__Directions__
Lines from the one with "New mattresses in" up to and including the one with "Figure 3: SGT" are to be copied exactly from the records below, without their pictures.

__Materials provided__
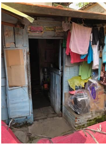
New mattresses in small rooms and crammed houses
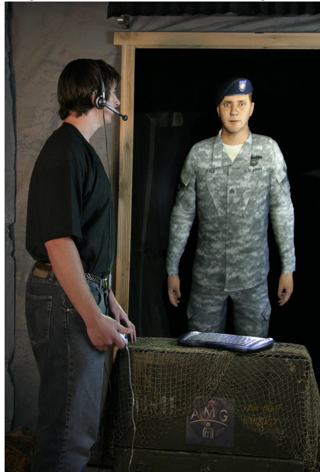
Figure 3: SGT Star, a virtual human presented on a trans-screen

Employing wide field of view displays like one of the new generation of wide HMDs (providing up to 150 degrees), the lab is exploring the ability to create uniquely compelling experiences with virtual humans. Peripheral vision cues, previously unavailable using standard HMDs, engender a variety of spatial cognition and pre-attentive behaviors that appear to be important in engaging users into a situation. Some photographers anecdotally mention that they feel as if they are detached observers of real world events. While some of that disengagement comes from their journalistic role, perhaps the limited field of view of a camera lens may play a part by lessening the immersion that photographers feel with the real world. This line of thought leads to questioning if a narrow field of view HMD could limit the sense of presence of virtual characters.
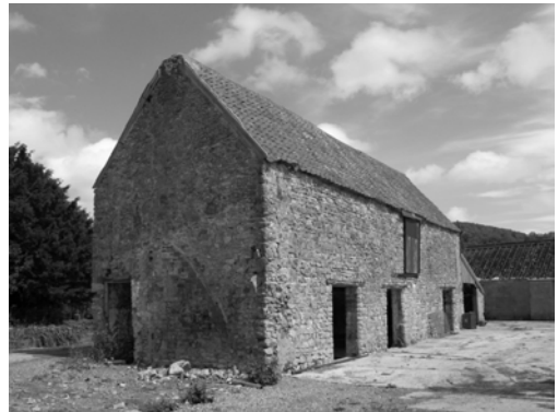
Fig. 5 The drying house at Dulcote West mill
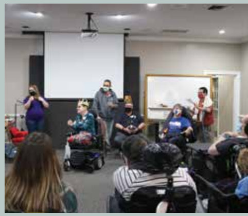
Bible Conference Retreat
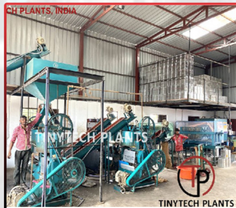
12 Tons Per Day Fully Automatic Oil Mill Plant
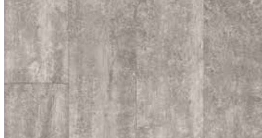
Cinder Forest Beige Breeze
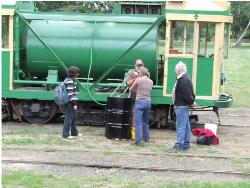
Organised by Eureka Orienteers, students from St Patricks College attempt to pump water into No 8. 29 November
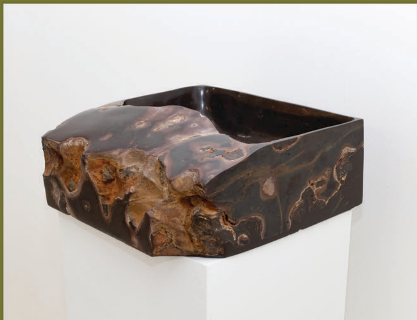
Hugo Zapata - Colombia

--

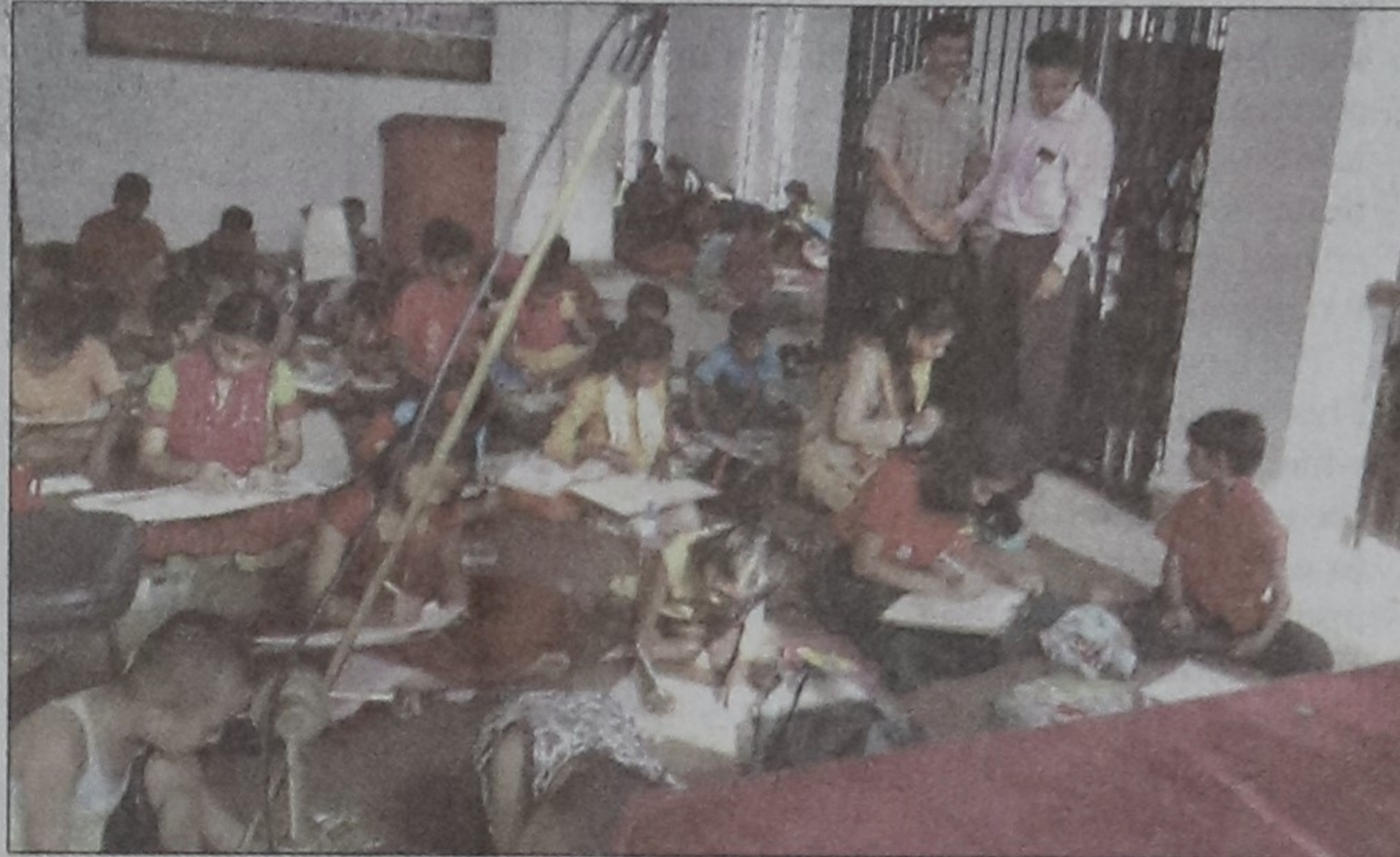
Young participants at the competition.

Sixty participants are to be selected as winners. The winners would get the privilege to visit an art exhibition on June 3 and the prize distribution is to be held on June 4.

__Answer for the task__
New mattresses in small rooms and crammed houses
Figure 3: SGT Star, a virtual human presented on a trans-screen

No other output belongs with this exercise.